Experiment Tracking
Recording every run so you can reproduce results and compare fairly
If you cannot reproduce last week's best run, you don't have a result — you have an anecdote. Experiment tracking is the boring discipline that turns ad-hoc notebook cells into a searchable, comparable history of everything you've tried. Skip it and you'll be re-running "that one good config" from memory within a month.
What to Track
At minimum, every run should record:
- Hyperparameters — learning rate, batch size, architecture choices, data splits. Everything that changes between runs.
- Metrics — loss curves, validation metrics, evaluation scores. Both final values and curves over time.
- Artifacts — model checkpoints, confusion matrices, sample predictions, generated outputs.
- Environment — library versions, GPU type, random seeds. The stuff you forget until you can't reproduce.
- Code version — git commit hash or a snapshot. Non-negotiable.
- Data version — which dataset, which split, which preprocessing version. This is the one most teams skip and most regret.
The Tools
The space has consolidated around a few serious options:
- Weights & Biases (W&B) — the most polished UX. Great dashboards, easy team sharing, good integrations. The default recommendation for most teams. Paid at scale.
- MLflow — open-source, self-hostable. The right choice when you need full data control or are already in a Databricks shop. UI is functional, not beautiful.
- Neptune — strong on experiment comparison and metadata flexibility. Worth evaluating if W&B pricing is a blocker.
- Comet — similar tier to Neptune. Good diffing between runs.
- TensorBoard — free, bundled with TensorFlow/PyTorch. Fine for individual researchers; breaks down for team workflows.
Pick one and commit. The value is in consistency, not in the tool itself.
Organizing Experiments
Flat lists of runs become useless fast. Structure matters:
- Projects group related experiments (e.g., "fraud-detection-v2").
- Tags mark intent: "baseline", "architecture-search", "data-ablation".
- Groups tie together runs that belong to the same sweep or ablation.
- Notes capture why you ran this, not just what. "Testing whether dropout helps on small dataset" is more useful than "run_047".
Comparing Runs
The whole point is comparison. Good practices:
- Fix a baseline and always compare against it. Relative improvement matters more than absolute numbers.
- Use parallel coordinates plots to see which hyperparameters correlate with good metrics.
- Compare on the same eval set — sounds obvious, but dataset drift between runs is a real and silent failure mode.
- Log statistical significance when differences are small. A 0.2% improvement on one eval set is noise, not signal.
Reproducibility
Tracking is necessary but not sufficient for reproducibility. You also need:
- Deterministic training — set all random seeds, use deterministic CUDA ops where possible. Accept that perfect reproducibility across hardware is often impossible.
- Data snapshots — hash your training data or use a data versioning tool (DVC, lakeFS). The model is only as reproducible as the data that trained it.

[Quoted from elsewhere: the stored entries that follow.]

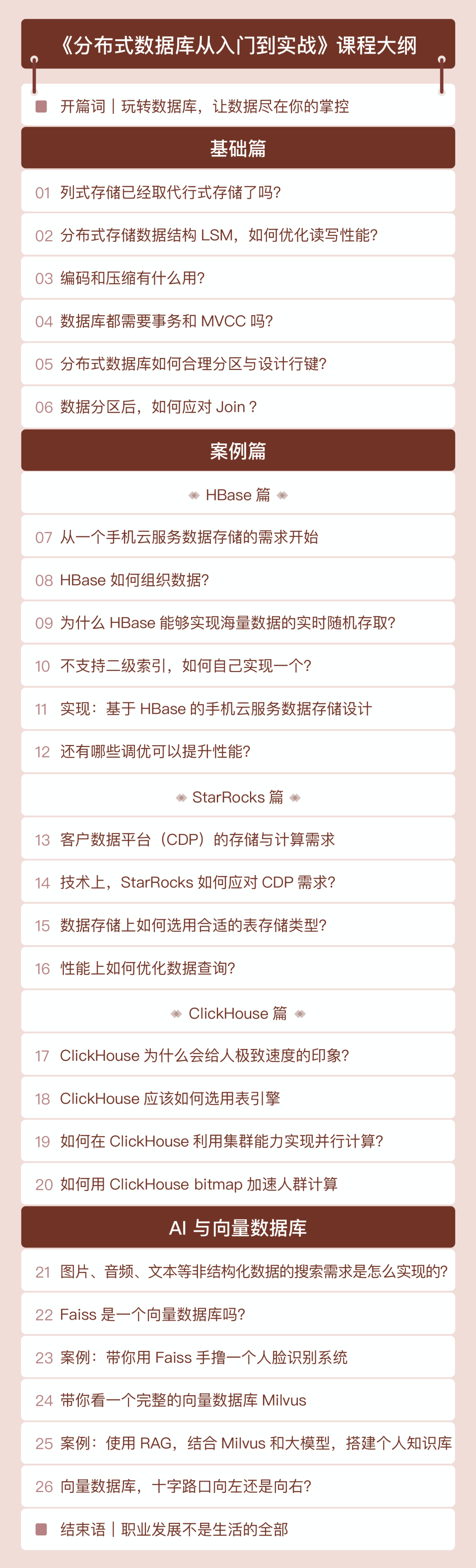 《分布式数据库从入门到实战》这个课程整体上分成3大部分,是一个由普适性向特殊性的学习过程,包括基础篇、3个案例篇和AI与向量数据库篇。学好这些,你将不仅仅对分布式数据库有一个较为全面的认知,更能聚焦业务需求的细节之处,大到运维成本控制策略,小到解决一个死锁报错,统统都能在这里找到答案。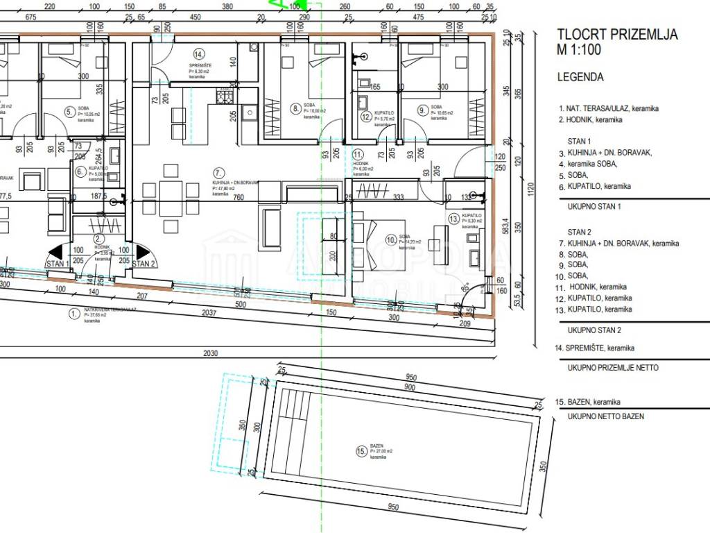 **VILE 1 i 2:** Ove identične vile, svaka sa 176,15 m² netto površine (dvije stambene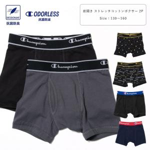 Champion 抗菌防臭 コットン ストレッチ ボクサーパンツ 2P 2枚組 前開き 下着 キッズ ジュニア 男の子 130 140 150 160 グレー/紺/黒 cb6et701 [BB-22]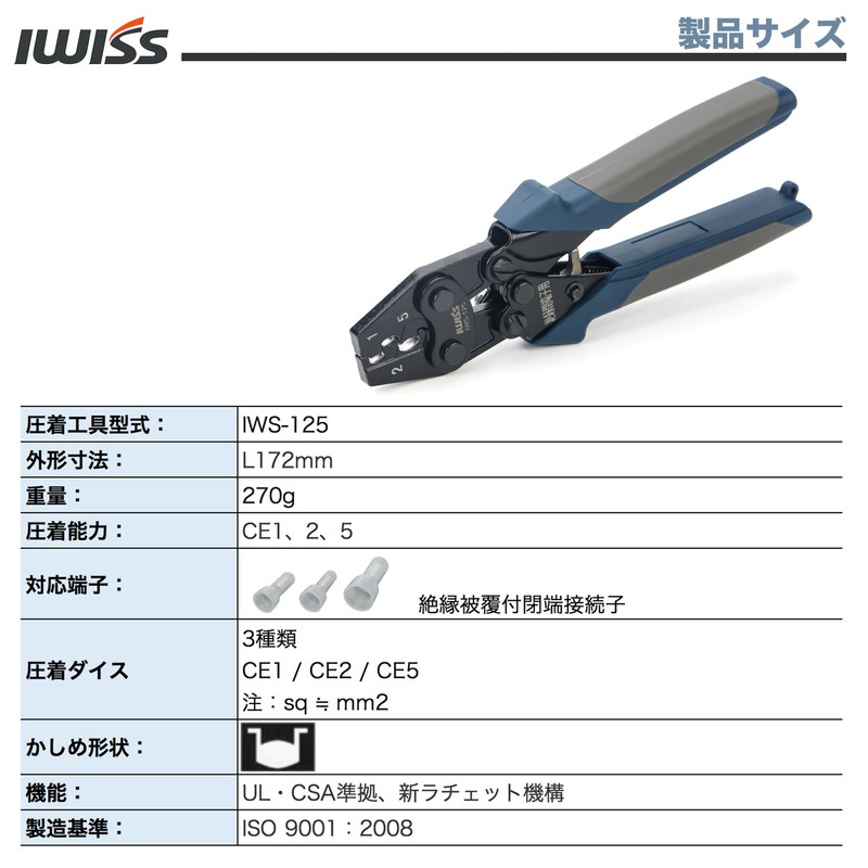 IWISS IWS-125 Crimping Tool with Insulated Sheath Crimping Tool JIS Compliant for CE-1 / CE-2 / CE-5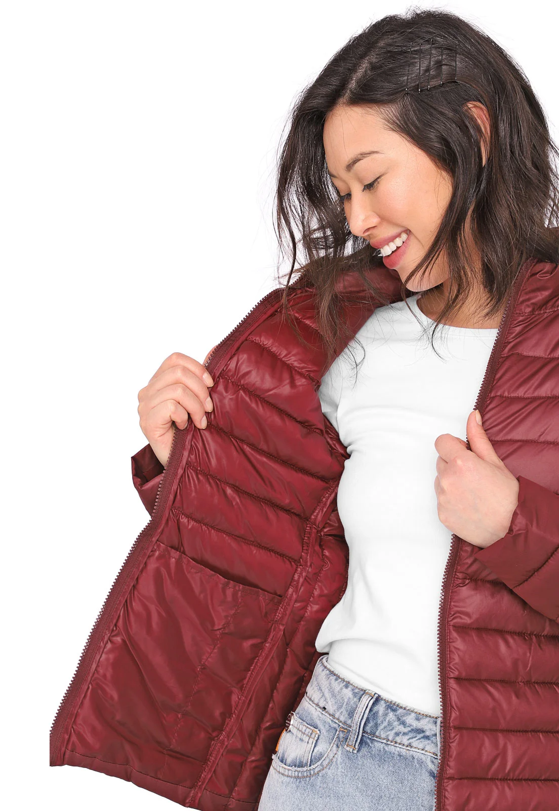 Jaqueta puffer na cor vinho.

- Environment locking — pin your dependencies. A
requirements.txtwith unpinned versions is a time bomb. - One-command replay — if you can't re-run a tracked experiment with a single command, your tracking is incomplete.
Common Mistakes
- Tracking too late — retrofitting tracking onto an existing project is painful. Start from the first run.
- Logging everything, labeling nothing — 500 unlabeled runs are worse than 50 well-tagged ones.

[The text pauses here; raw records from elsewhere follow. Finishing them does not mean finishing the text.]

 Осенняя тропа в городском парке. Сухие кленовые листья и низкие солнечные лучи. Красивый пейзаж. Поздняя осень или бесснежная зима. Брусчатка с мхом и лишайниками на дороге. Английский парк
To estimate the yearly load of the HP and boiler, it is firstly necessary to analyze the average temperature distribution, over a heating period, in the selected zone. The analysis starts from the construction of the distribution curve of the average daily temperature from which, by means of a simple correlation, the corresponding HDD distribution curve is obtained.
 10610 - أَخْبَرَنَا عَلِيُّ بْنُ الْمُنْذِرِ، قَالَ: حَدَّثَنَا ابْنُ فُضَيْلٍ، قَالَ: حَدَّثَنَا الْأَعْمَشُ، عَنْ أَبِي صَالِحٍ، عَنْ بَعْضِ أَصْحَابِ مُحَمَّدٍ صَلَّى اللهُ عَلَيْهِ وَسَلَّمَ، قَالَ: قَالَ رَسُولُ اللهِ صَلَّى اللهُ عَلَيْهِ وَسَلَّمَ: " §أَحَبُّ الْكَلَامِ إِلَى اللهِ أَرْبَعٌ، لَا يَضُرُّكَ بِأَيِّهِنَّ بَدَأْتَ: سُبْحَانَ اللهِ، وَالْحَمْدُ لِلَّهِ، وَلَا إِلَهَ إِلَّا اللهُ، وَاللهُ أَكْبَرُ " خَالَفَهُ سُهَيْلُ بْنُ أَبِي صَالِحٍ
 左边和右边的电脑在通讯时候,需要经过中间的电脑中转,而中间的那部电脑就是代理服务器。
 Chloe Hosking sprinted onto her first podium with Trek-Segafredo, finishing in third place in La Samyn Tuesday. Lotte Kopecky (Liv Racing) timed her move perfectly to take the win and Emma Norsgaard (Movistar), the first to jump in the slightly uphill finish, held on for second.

- Ignoring failed runs — failures carry information. Track them too; you want to know what didn't work.
- Local-only tracking — if it's on your laptop, it doesn't exist for your team. Use a shared server or hosted service from day one.
The bar is low: log params, log metrics, tag your runs, version your data. Teams that do this consistently ship better models faster than teams that don't, regardless of which tool they pick.